Sewing relations: communing through the medium of buttons

Some of my gran’s button boxes

For the sewing type, sorting through a button tin brings an absurd amount of joy. To be fair, we’d take anyone’s button tin – but if the tin belongs to someone we love and admire, then all the better.

Most of us have fond memories of pawing through our mother or grandmother’s button collection. The container du jour being an extremely old biscuit or sweet tin, the rustier the better.

My mum’s buttons were in such a tin: a large round affair that had once, in its biscuit heyday, been red, but had since been scratched to metallic base. I spent many happy hours perusing and coveting her collection – gloriously unsorted as it was. You would be lucky to find so much as a pair, but this never detracted from its wonder.

Recently I asked after the tin; my mum doesn’t know where it went. It’s not like any of us were stuck for buttons, so its disappearance was never much mourned – until now, that is, when a recent flurry of button chat created a sudden and desperate urge to feel it in my hands and look upon its magical contents once again.

Button boon

Last week, perhaps prompted by my tin enquiry, my mum mentioned she had a few surplus sewing notions for me – if I was interested. Well, ask a silly question. I told her I would happily take them, whatever they might be, and thought no more about it.

A few days later my husband returned home from a routine family delivery round with a bag.
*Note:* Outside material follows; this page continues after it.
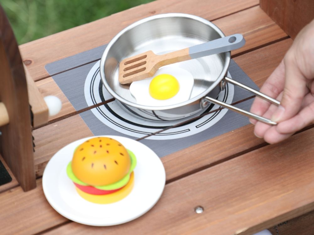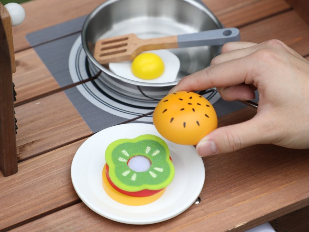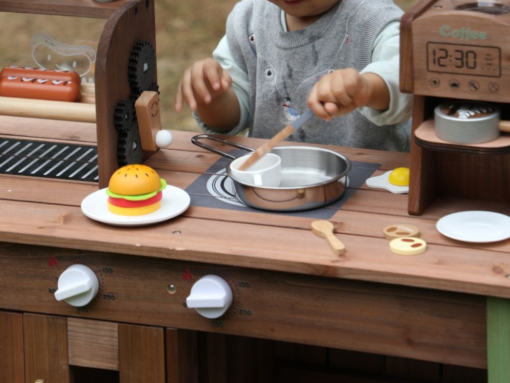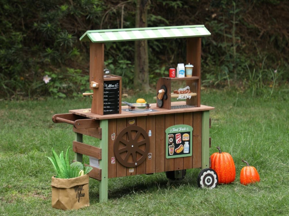 Mobilitatea standului aduce noi scenarii și idei de joacă – într-o zi o cafenea lângă casă, altă dată un bistro în grădină sau o piață. Copiii își dezvoltă astfel imaginația și se bucură de o distracție mai variată și mai dinamică.

A sack, to be precise. It was stuffed with ribbons, braids and boxes upon boxes of buttons.

Saturday afternoon with the Love to Sew podcast, strong tea, and a good old sort out (my spot is the bald patch, top left)

I may have alluded in the past to my handsome button collection. But now, I think it’s fair to say, I will not have to buy another button for the rest of my life. Financial independence in button-form – now I can retire!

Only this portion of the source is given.